Hochvertraute liebe Mitlandleute, geschätzte Gäste, Bundespräsident Gauck hat zum Ausdruck gebracht, was auch hierzulande immer mehr offenbar wird. Wir können zwar auf demokratische Instrumente zählen, auch die Freiheit ist längst mehr Gewohnheit als ein Privileg – so sehr, dass es Menschen gibt, die sich über alle Grenzen hinwegsetzen. Grundsätzliche Anliegen wie Gerechtigkeit geraten dabei etwas in Vergessenheit. Gemäss Gauck ist Freiheit eine notwendige Bedingung für die Gerechtigkeit. Freiheit ist der Nährboden für Gerechtigkeit. Freiheit zu leben bedeutet aber nicht zwangsläufig auch Gerechtigkeit zu leben.
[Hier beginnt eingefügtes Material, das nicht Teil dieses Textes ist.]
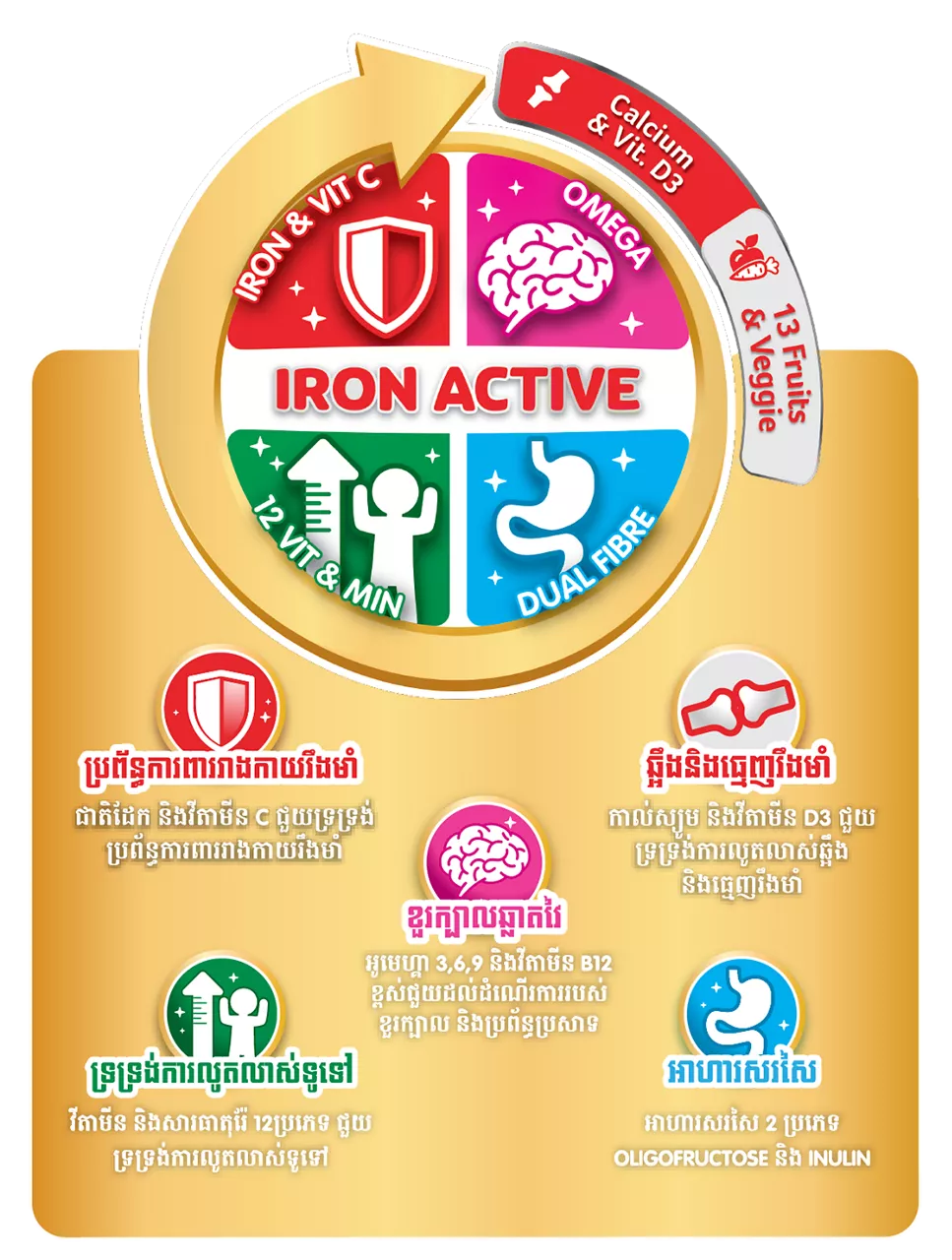 ជាមួយរូបមន្ត IRON ACTIVE ផ្តល់នូវអាហារូបត្ថម្ភ សំខាន់ៗជាច្រើនដូចជា៖ Omega 3, 6, 9 & Vitamin B12 ជាតិដែក អាហារសរសៃ វីតាមីន សារធាតុរ៉ែ បន្លែ និងផ្លែឈើ ដើម្បីកូនកាន់តែរឹងមាំ និងការអភិវឌ្ឍកាន់តែពេញលេញ។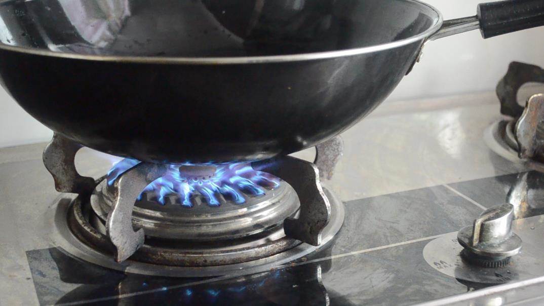 再打開煤氣灶將火調至到大火,并且把涂有洗潔精的鍋蓋放在鍋蓋上面。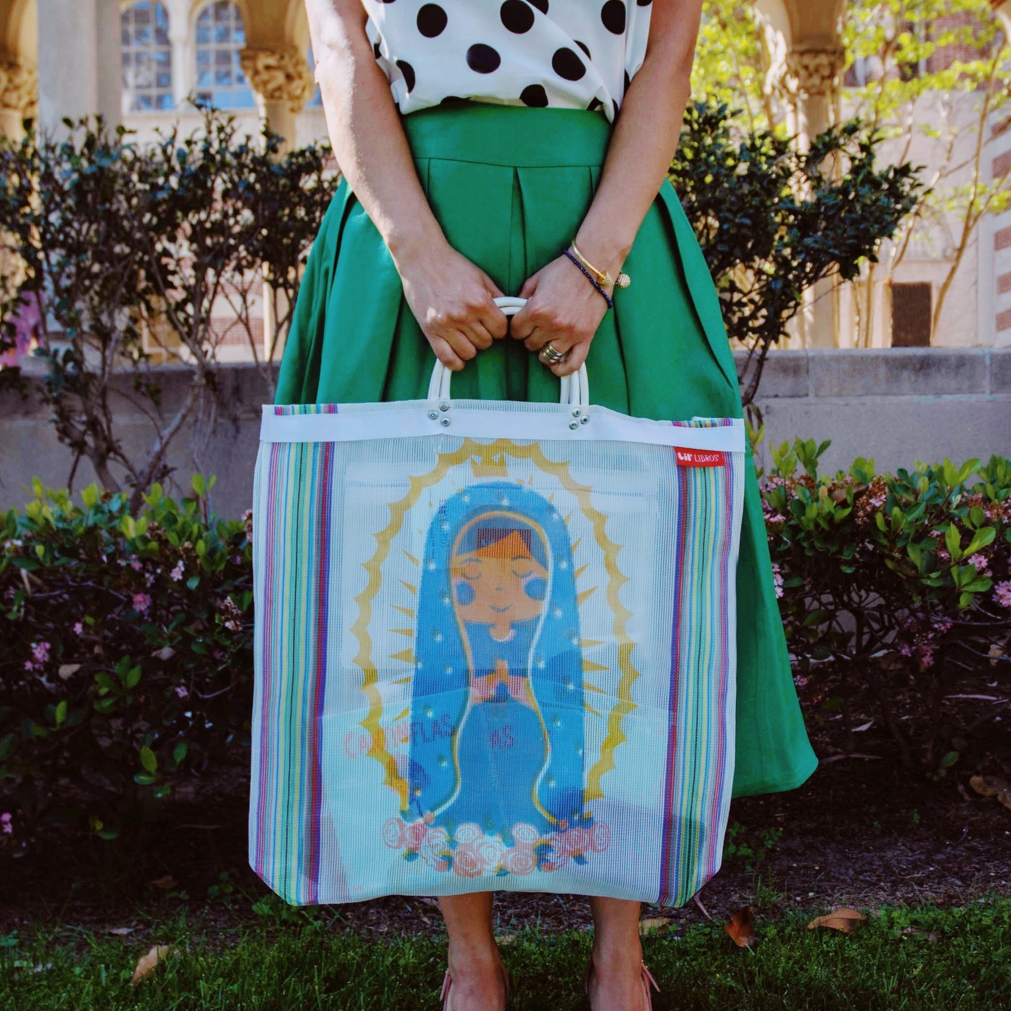 Whether you're heading out to the grocery store, relaxing in the sun at the beach, or running to your favorite bookstore, this Lil' Guadalupe Tote Bag is just what you need to carry your essentials with style.
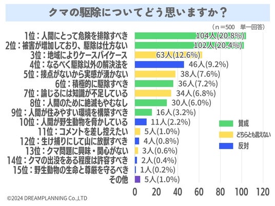 「不必要な殺戮を推奨しているわけではなく、共存する上で必要なことだと思います。熊の駆除について、人間の勝手な行いだとの批判については、ある程度の理解はできるが、人命の方が重い。(20代・男性)」

Unsere Vorväter haben sich die Freiheit im Kampf erstreiten müssen – so wie dies heute bedauerlicherweise noch einige Völker tun müssen. Es ist ein Privileg, dass wir unsere Freiheit nicht mit Waffengewalt erkämpfen oder verteidigen müssen, sondern diese seit Jahrhunderten nach unseren Bedürfnissen gestalten können. Tun wir dies weiter – mit Bedacht, Toleranz und in gegenseitigem Vertrauen.

In diesem Sinn bitte ich für Land und Volk von Glarus um den Machtschutz Gottes.